Multi-stakeholder Internet Governance

Multistakeholder Internet Governance (MIG) rests on the principle that, in order to facilitate stability of the Internet, stimulate demand, and continue to make Internet governance institutions more responsive to the needs and perspectives of the diverse group of global stakeholders, those diverse stakeholders should be involved in these processes. We have discussed in class the isolation and exclusion that occurs through the monopolization of media and the shift to a less monopolized system. MIG represents an all-inclusive governance framework for the ever-changing information society and it does that due to a number of attributes of MIG that make it effective. MIG is both inclusiveness and transparency; calls for collective responsibility, effective decision-making, and implementation; and enables collaboration through distributed and inter-operable governance. The result is a governance framework that address the infrastructure, governance, and human components of the Internet in a way that encourages innovation, decentralizes governance, and is made responsible to the people it serves.

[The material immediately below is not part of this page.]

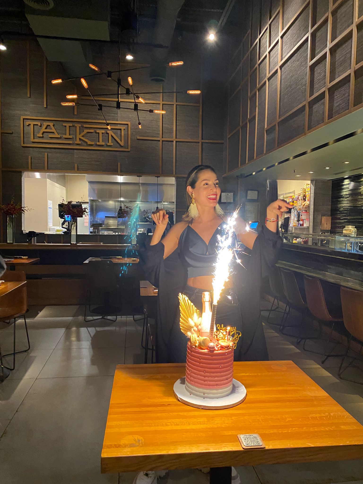 De vacaciones por Miami, tras finalizar las grabaciones de la nueva versión de “Café con Aroma de Mujer” en Telemundo, Colombia, la reconocida actriz fue sorprendida por su esposo, el también intérprete colombiano Sebastián Caicedo, sus familiares y amigos del medio artístico en el restaurante posicionado como número uno del Doral en todas las categorías de Trip Advisor con una evaluación de 5 estrellas, Taikin Asian Cuisine.

Now the issue with MIG is its controversy and the manner with which the discussion of MIG has targeted the US, who has historically monopolized the entire internet industry to a point of breach of privacy both within the nation and throughout the world. MIG calls for the US to relinquish that control—and to some extent it has already but more would be required. Another question is how, given the variability in capacity of the public sector, could MIG be maintained. This is where the role of Transnational Advocacy Networks come in; TANs allow for a capacity-sharing and building forum between organizations who share common values, policy goals, and discourse within their area of focus. Existing networks have created a wealth of information and precedent for data-sharing and transnational communication and organization from which MIG could find its framework. Engaging with these TANs could be the key to effective MIG.